Author: Cosmin Dzsurdzsa
I blundered through my first year; in fact I enjoyed it so much I decided to give it another go. I come to you now as freshman 2.0, new and improved. My faculties have been dusted off, my program updated, and I return feeling better than ever. Fall 2014, here I come. I am not afraid.
Let me explain my first encounter with the big fish called the University of Waterloo. It managed to swallow me up and spit me out shortly after, covered in the slime of disappointment. I left a bad taste (and a hefty tuition) in the institutions mouth. Now to clear things up, I didn’t exactly fail any of my classes; I was forced to withdraw by a series of unfortunate events.
What began as a fantastic year, where I was eager, full of excitement and ambitious, quickly took a turn for the worse. I had begun the first year sprinting, diving into extracurriculars, exploring volunteering opportunities and even going to lectures beyond my scope of understanding. You can call it the naiveté of youth or just simply stupidity. Either way I was having a great time. I stayed relatively on top of my work load and followed through with assignments towards midterms. Then midterms arrived.
Midterms came and went. I frantically tried to salvage some dropping marks and then I crashed. Not figuratively, I literally crashed into another vehicle. So there I was having to deal with an accident, the unforeseen consequences of insurance and my faltering studies. I was beginning to sink deeper into the ocean of burdens and a weight was strapped onto my feet.
If this were a movie, I would have had a cinematic montage of recovery. Unfortunately each day went by as slowly as the rest and I kept sinking. Luckily, instead of just reacting, I acted of my own accord. Immediately after I crashed, I had warned my undergraduate advisor that this would greatly affect my studies. His concern and helpfulness guided me to a brighter ending of this story.
I went from advisor to advisor, explaining my situation, weighing my options, and dropping a few classes. Coupled with an accident, family and relationship struggles served to knock the final nails into my coffin. I was lowered into a six foot hole with a thud and I thought I was done for. I was going to be a dropout; somebody who tried and failed. I thought my world was ending and I envisioned a cynical old man who always talked about who he could have been.

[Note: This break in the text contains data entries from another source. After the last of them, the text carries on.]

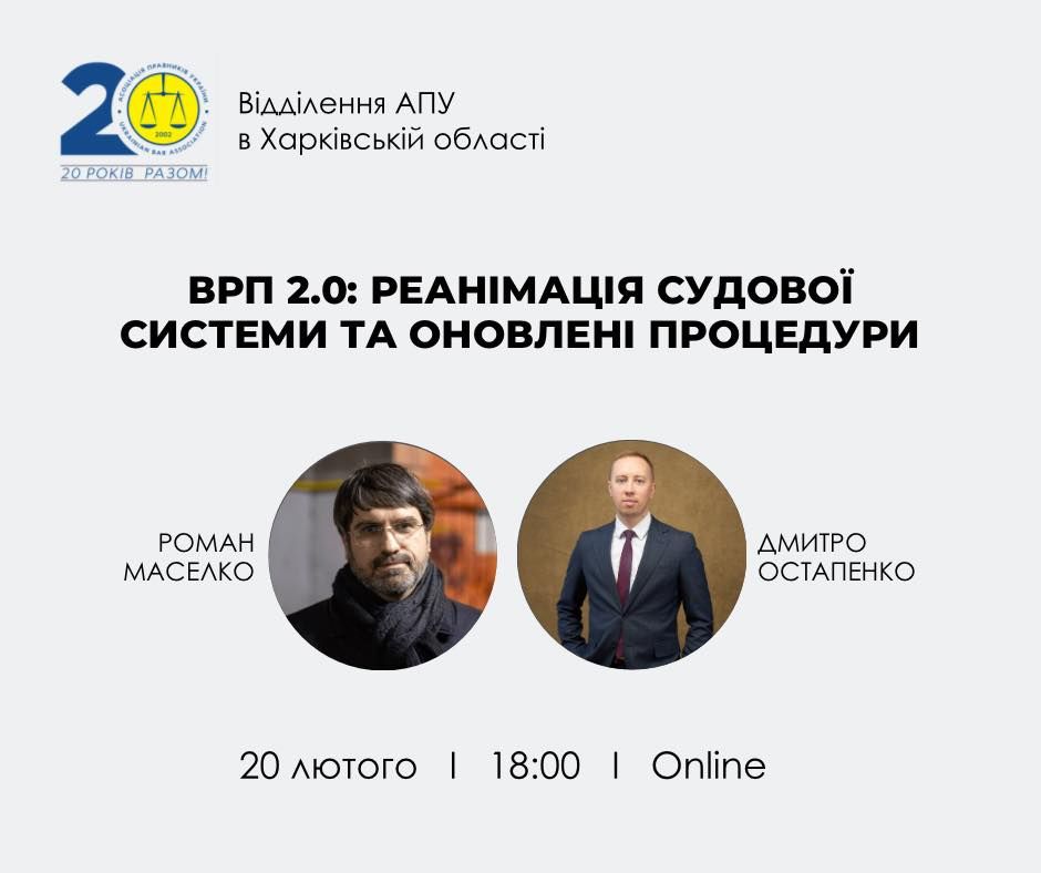 Відділення Асоціації правників України в Харківській області запрошує до участі в онлайн-зустрічі «ВРП 2.0: реанімація судової системи та оновлені процедури», яка відбудеться 20 лютого 2023 року о 18:00 на платформі Zoom.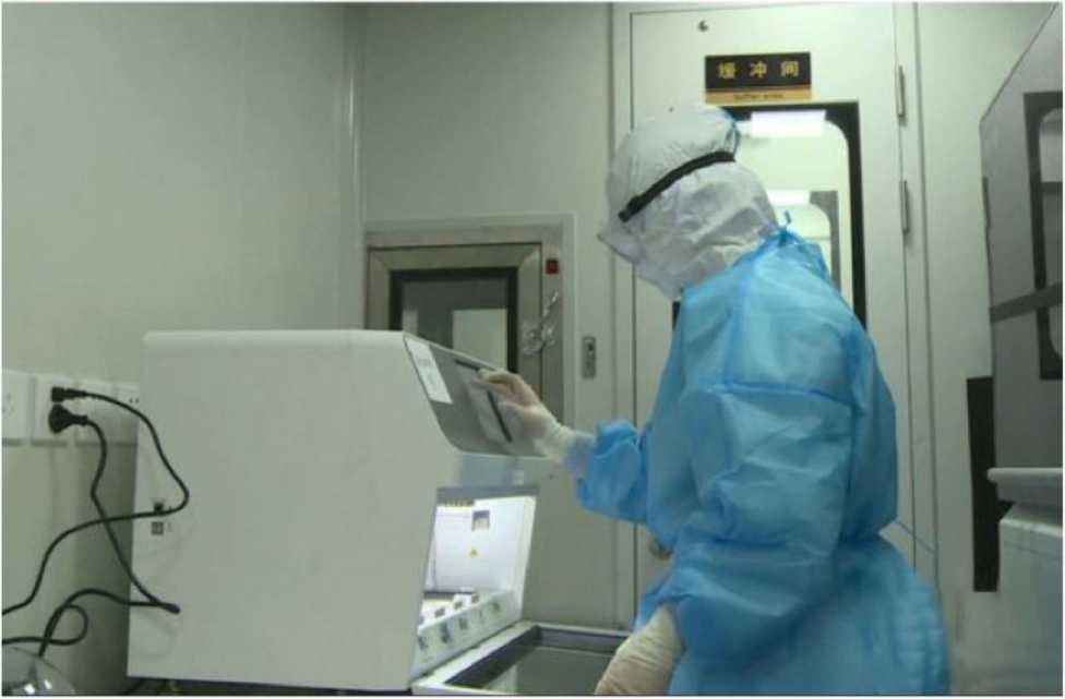 新冠樣品可直接使用標本制備區(qū)內(nèi)的對外傳遞窗進行樣品接收。接收到樣本后,將標本轉(zhuǎn)運容器放入生物安全柜,在安全柜中打開標本轉(zhuǎn)運容器并清點樣本。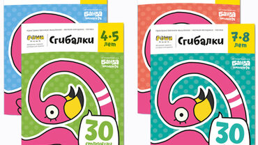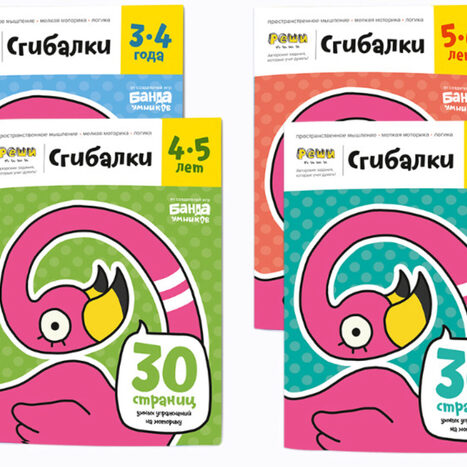 Во второй — на каждом листе два сгиба, здесь придётся научиться подгонять кусочки точно друг к другу, чтобы получилась картинка. Рисунки спроектированы особым образом: широкие контуры и продолжительный обрыв картинки «с запасом» позволяют сложиться рисунку, даже если ребёнок немного промахнулся в сгибе.
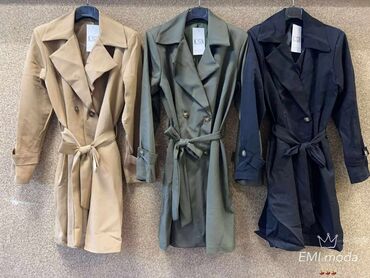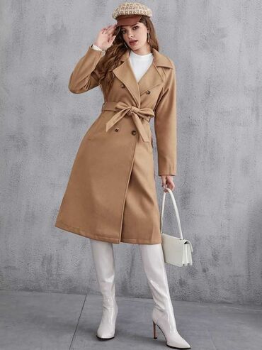 Bež dvoredni mantil (trench) klasičnog kroja. - Boja: pesak/bež - Kopčanje: dvoredno sa crnim dugmadima - Kragna sa reverima, epoletama na ramenima i štitnikom za vetar na leđima - Pojas u struku ...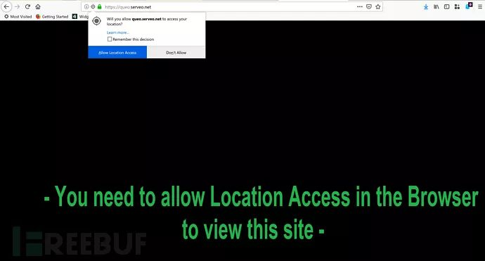 需要注意的是,这个URL地址是根据不同的用户随机生成的,所有生成的地址都为serveo.net域名下的子域名。我们可以在网络钓鱼活动中通过电子邮件或其他方式把这个URL地址发给你的目标用户,用户点击访问后将看到如下图所示的界面: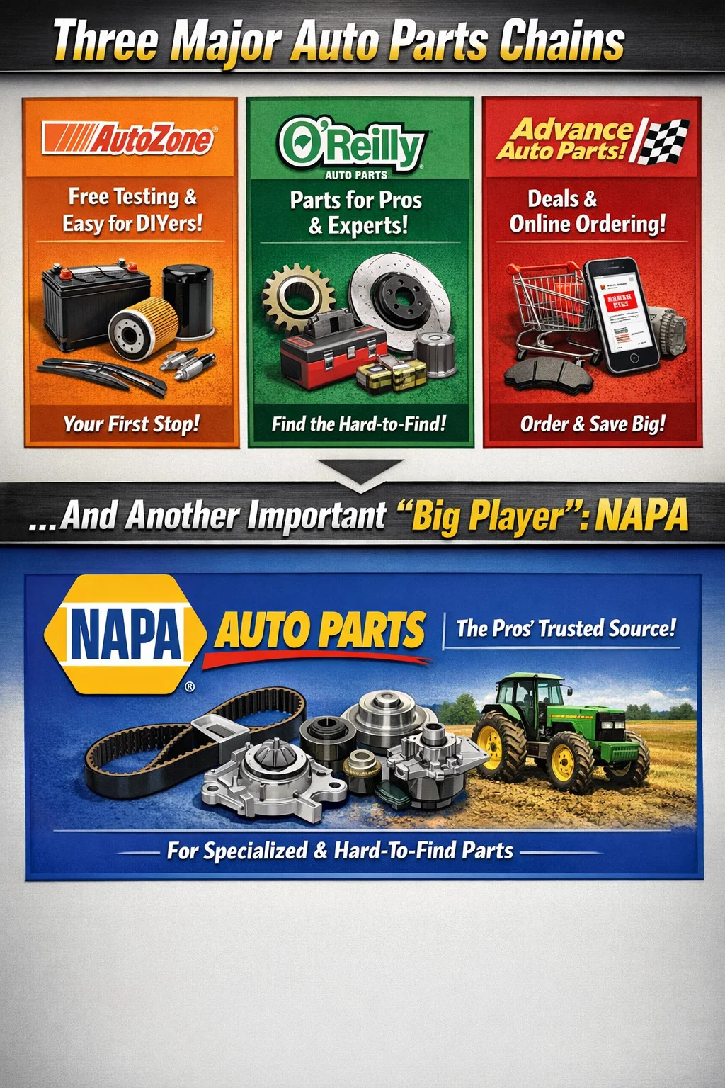 แม้ว่าทั้งสามสิ่งที่กล่าวมาข้างต้นมักเรียกกันว่า "สามยักษ์ใหญ่" แต่ NAPA Auto Parts ก็มีความสำคัญอย่างยิ่งเช่นกัน ให้บริการช่างซ่อมมืออาชีพและตลาดเครื่องจักรกลการเกษตรเป็นหลัก หากคุณไม่พบอะไหล่รถยนต์เฉพาะทางที่ "สามยักษ์ใหญ่" NAPA มักจะคือความหวังสุดท้าย

Then, I was offered a way out: withdraw from your course load and begin anew. I was on track to fail a majority of my classes, so I jumped at the offer. My advisor walked me through the process, explained the required paperwork and even personally vouched for me.
My first request was denied; I required proof. I found myself in the registrar’s office gripping course override forms and an accident report. Shortly after, I received an email saying my withdrawal was completed successfully. I was out.
I would remain a student in the records and would have to apply for re-admission come July. Things finally began to relax for me and the weight was shedding. Unfortunately, I was going to miss a year, but I wasn’t too upset. Many people do not begin post-secondary education until they’re 19 and the experience has made me more realistic about my goals.
I took the time off to reorganize myself, work full time, and fix my car. The point is there’s always a second chance if you search for one. If I had remained silent about my situation and had not reached out to the many resources available at the University, I might not have had the opportunity to return.
I look forward to being back, to meet new faces and to offer a perspective for those who are in the same situation. If you’re a first year, you’re most likely feeling a combination of anxiety and hope; hope that you will succeed and the anxiety of possible failure of not meeting your expectations. Life will be hard on you, university will be hard on you, and people might be hard on you, but you don’t have to be hard on yourself. I sincerely hope that every incoming student enjoys their time here this year and if there’s one thing left to say it’s: do not be afraid.